Но нужно понимать, что работая по разным экспериментам, мы не можем быть глубокими специалистами в каждом из них. По возможности мы стараемся, но это физически невозможно. Много результатов получается даже при обработке данных экспериментов.

Как нам рассказали ученые, по результатам первой экспедиции было обнаружено несколько новых физических эффектов, вплоть до того, что были подтверждены и опровергнуты другие теории, как вообще создаются планетные системы. Даже в результате одного из сбоев в эксперименте получились интересные данные, которые потом публиковались в журналах. Есть большой класс экспериментов, связанных с тем, как меняется человек в космосе – как реагируют системы живого существа на условия космического полета, как человек адаптируется к космосу, а потом проходит реадаптация к земным условиям. 

– А вы видели в космосе инопланетян? – невнятно, так что потребовался перевод родителей, прозвучал вопрос от пухлого малыша. 

– Нет, инопланетян мы, к сожалению, не видели. Мы в длительных полетах с удовольствием бы пообщались с представителями другого разума, потому что летаешь внутри станции не один месяц и только вдвоём или втроём, но они к нам не прилетели. Есть ещё термин «неопознанный летающий объект». За все время, что я летал, у нас был только один объект, который мы сначала не распознали. Мы летим на скорости 8 км/с, и вдруг я вижу что-то рядом летит относительно недалеко. В бинокль не видно, в лазерный длиномер для стыковок – либо не попадаем в объект, либо он находится за пределами 20 км. Когда ещё на несколько витков этот объект подошёл к нам, оказалось, что это отброшенный чехол от научного оборудования.

– Я слышал, что в космосе стареют медленнее. Это так? – озадачил космонавта следующий юный слушатель. 

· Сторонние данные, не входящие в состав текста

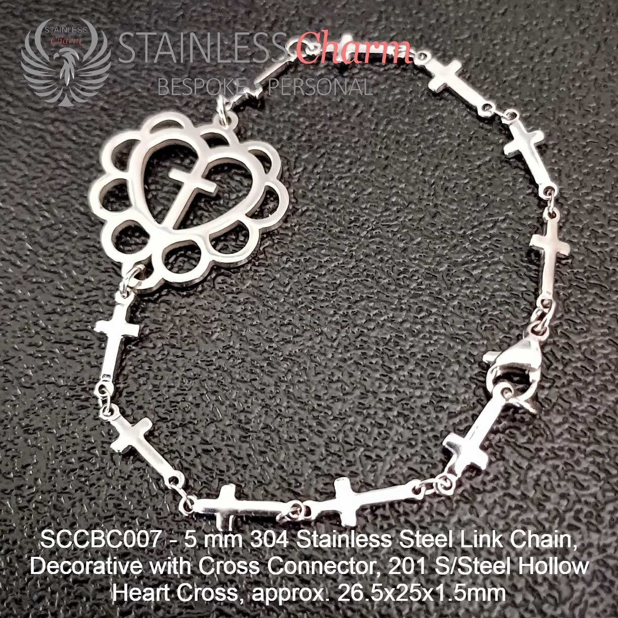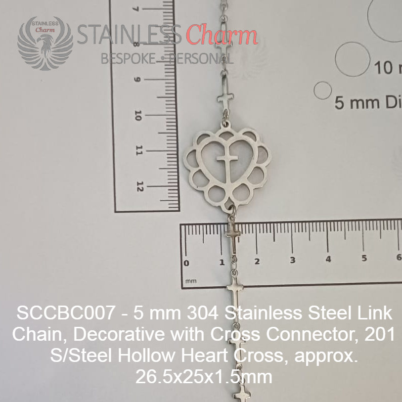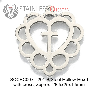 TheseĀ braceletsĀ haveĀ aĀ 304Ā stainlessĀ steelĀ chainĀ andĀ aĀ hollowĀ heartĀ withĀ crossĀ madeĀ ofĀ 201Ā stainlessĀ steel,Ā measuringĀ aboutĀ 26.5x25x1.5Ā mm. CrossĀ connectorsĀ areĀ decorativeĀ (4mm). (SKU:Ā SCCBC007)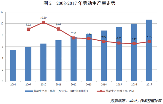 那么,今天的人工智能,是否会重复昨天IT生产率悖论的故事?我们不妨从数据总寻找答案。从图2来看,自2008年国际金融危机至今,中国的劳动生产率水平一直是稳步上升的,但增速却从2009年的9.02%降至2017年的6.85%,虽说个别年份增速有所波动,但依旧无法掩盖总体下降的态势。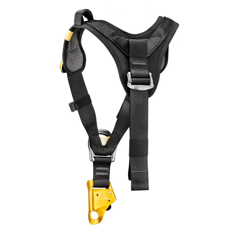 Petzl Top Croll L chest harness for work at height is provided with Croll L ventral blocker and developed to transform Astro Sit Fast, Avao Sit, Avao Sit Fast, Falcon, Falcon Ascent and Sequoia Srt harnesses into fall arrest harnesses for difficult-to-access areas.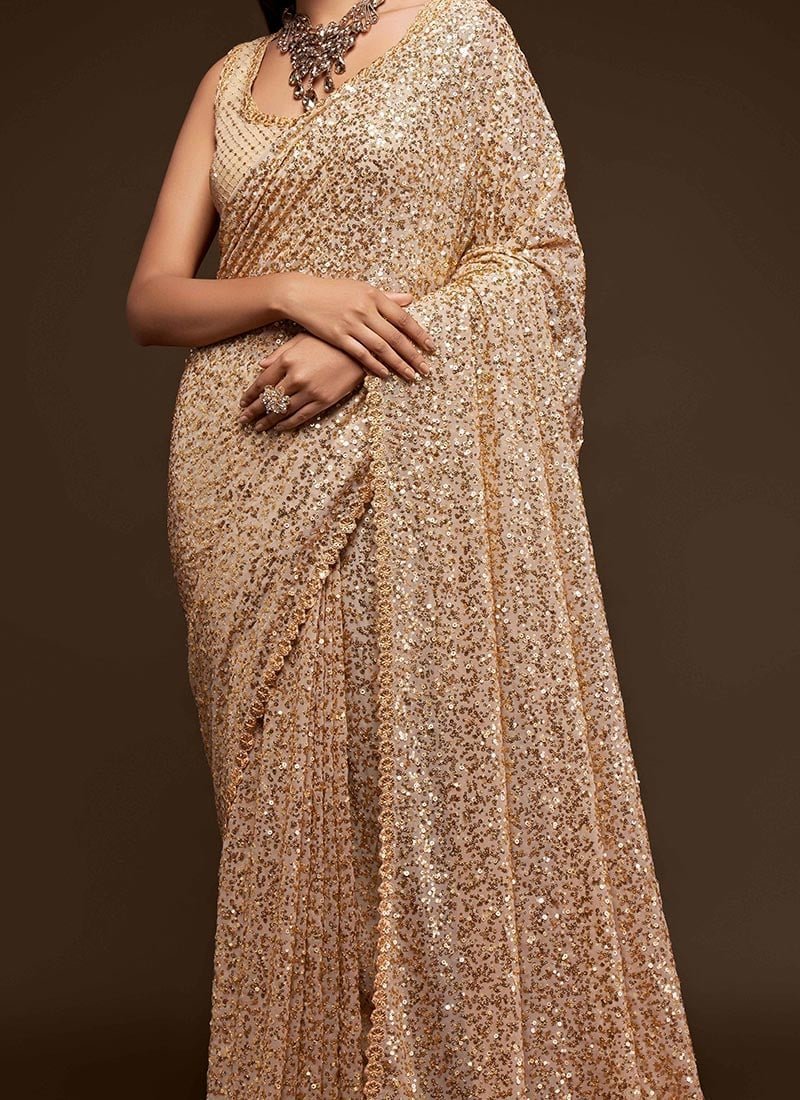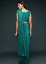 Make the heads turn whenever you dress up in this dark green color georgette saree. This saree is displaying some wonderful work done with embroidered and sequins work look chic. This saree comes with unstiched dark green color georgette blouse.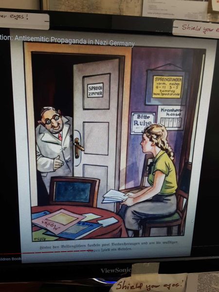 So, not surprisingly, the Nazis targeted the Jews for their cruelty to animals. They showed Jewish bankers evicting poor farmers—young mothers with small children. When Americans think about the Holocaust and Nazi racism in general, they must realize that the Nazis won half the battle for the hearts of the German people with skilllful media and provocative art-work.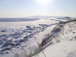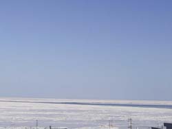 | 能取岬から知床連山を望む〜 2001.3.3 8:00 天気はいいのですが、写真で見ると逆光になるためにシラッ茶けてしまします。直に見ると、もっともっときれいなんですよ。かすかに知床連山も見えます。 いつものポイントからなのですが、いくたびに風景はその姿を変えますね。灯台をはさんで見える流氷は、手前は大きくごつごつしています。港のあたりは平坦ですが、その先の海の氷は細かくごつごつしているようにも見えます。近くまで行けばかなり大きいに違いありませんね。 遠くをみると流氷がさけて、海水がちょぴり顔をのぞかせています。かなり濃い色をしていて、マリンブルーよりももっと濃いですね。 |
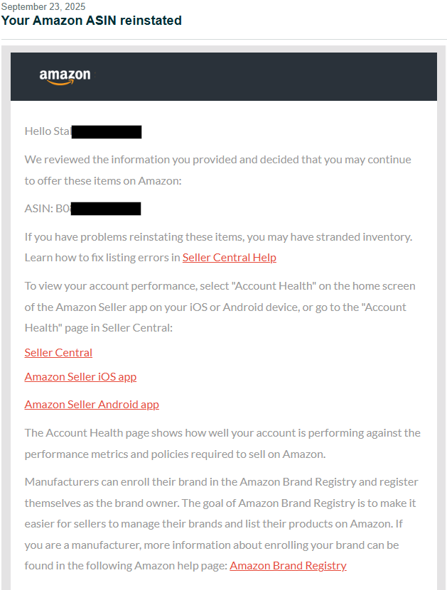 - Escalate internally if needed (via Amazon’s Seller Performance team).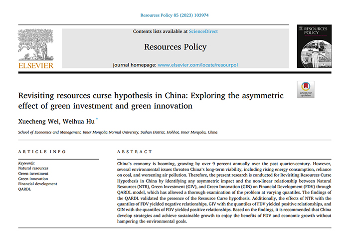 近日,胡伟华教授作为通讯作者与马来西亚理工大学在读博士生魏学成合作撰写的论文“Revisiting resources curse hypothesis in China: Exploring the asymmetric effect of green investment and green innovation”,发表在国际期刊“Resources Policy”(on-line)。该期刊在中科院期刊分区中位于经济学一区(TOP),实现了水蜜桃直播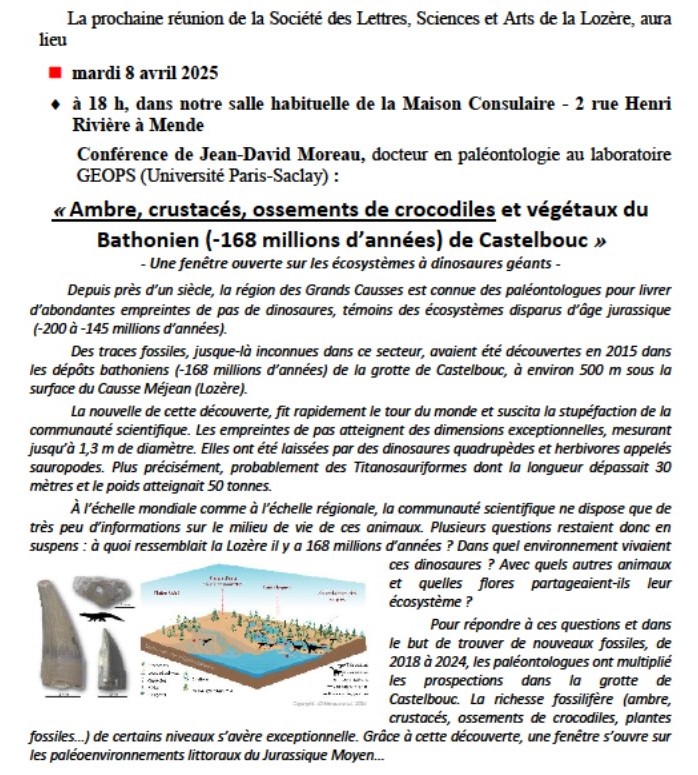 « Ambre, crustacés, ossements de crocodiles et végétaux du Bathonien (-168 millions d’années) de Castelbouc »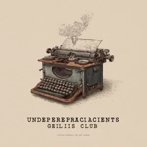 «minimalist line-art illustration of a vintage typewriter, steam...»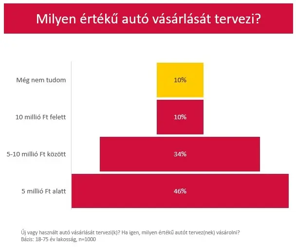 Idehaza tízből hárman terveznek autóvásárlást, többségük 3 éven belül. A vételt fontolgatók közel kétharmada használt gépjárműben gondolkodik, felük 5 éves vagy fiatalabb típust szerezne be. Egyötödük nyitott arra, hogy elektromos autóra váltson. Az autóvásárlást tervezők közel fele (46%) 5 millió forintnál olcsóbb kocsit venne, minden harmadik (34%) 5-10 milliós autót nézne ki magának, tizedük pedig a 10 millió forint feletti példányokból válogatna. A magyarok mindössze töredéke (16%) merne online vásárolni autót, míg a megkérdezettek közel harmada használna mesterséges intelligenciát a következő gépkocsi kiválasztásakor. Autóvásárlásnál a magyarok számára a legfontosabb az ár, a megbízhatóság, a fogyasztási és a fenntartási költségek. Csak ezután következnek olyan szempontok, mint a méret és praktikum, a biztonság, kényelem és felszereltség, a márka, a dizájn vagy a környezetbarát működés.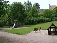 In spring 1923 the park was reopened by the amusement park entrepreneur Hugo Haase, who moved attractions there from his park in Stellingen, which had closed in 1922.[1][2] Inflation under the Weimar Republic and the resulting widespread poverty seriously affected business by that August, and Haase closed the park and had the buildings demolished. In the late 1920s the site was redeveloped, mostly for athletic grounds. A concrete unemployment office designed by Gustav Oelsner was built in 1926 on the site of the entrance building and is now a city landmark, and a block of flats on Memelandallee, also designed by Oelsner, is also on the former grounds. A street and a children's playground bearing the name Lunapark (located approximately on the site of the bandstand) are the only remaining indications of the park's existence.[1][2]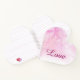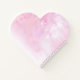This notebook is shown in a cute heart shape with lined pages in a pink watercolor print design.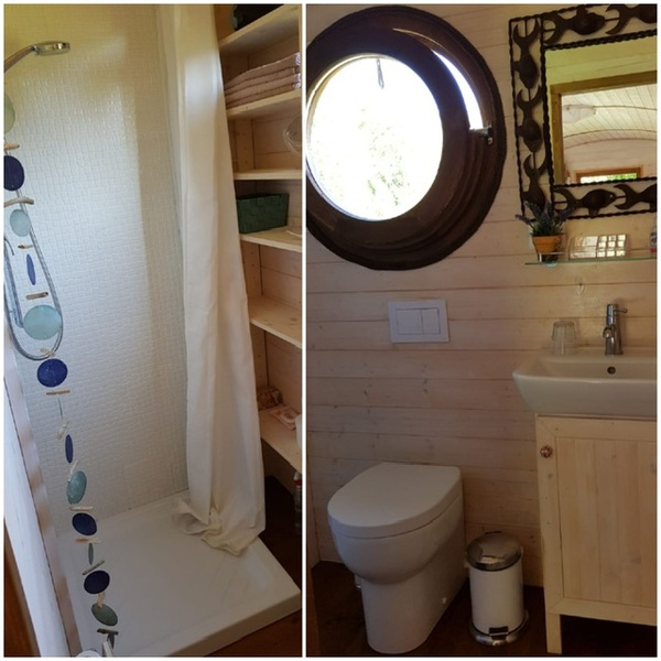 An den Wohnraum schließt sich das Bad mit Dusche, WC und Waschbecken an (ein Fön ist vorhanden ). Ein rundes Kippfenster sorgt für Licht, Lüftung und ein besonderes Ambiente.

– Дело не в космосе, а в той скорости, с которой ты двигаешься. Объект, который двигается быстро, согласно теории относительности, имеет другое течение времени. Кто-то из моих друзей не поленился и посчитал. За те месяцы, которые я провел в космосе, на тех скоростях, на которых мы летаем (а скорость по земным меркам довольно большая – 8 км/с, она позволяет нам за 1,5 часа облетать Землю, но все-таки это далеко от релятивистской скорости, далеко от скорости света), набрались у меня – сэкономленные – доли секунды. Разница поэтому, к сожалению, не так заметна. 

– В космос запущен робот «Федор». Для чего? Будут менять живых людей на металлических космонавтов?

– Живых людей менять не будем точно. Робот – скорее попутный груз, потому что идеей беспилотного запуска было испытание комбинации корабля с ракетой. Первый раз летела такая комбинация: чтобы пустить людей, было принято решение провести сначала беспилотный пуск. А робот в общем-то оказался попутной нагрузкой. Он создавался для отработки робототехнических технологий, они испытывались на земле, и вот решили его послать в космос, потому что есть такая возможность. 

Часть работ, конечно, автоматизируется в космосе, это правда. Но совершенно необязательно это должен быть робот с двумя руками, двумя ногами. Для космоса ноги особо и не нужны. В шутку наши врачи так нам, космонавтам, говорят. Наверное, для работ лучше иметь больше рук. Есть даже разные школы, которые обсуждают перспективы строительства робототехнических систем: должны ли это быть человекоподобные роботы или это должны быть адаптированные роботы под выполнение конкретных задач. В части задач, которые легко автоматизируются, наверное, роботы будут брать на себя выполнение рутинных функций, а человек всегда останется человеком, чтобы испытывать что-то новое. 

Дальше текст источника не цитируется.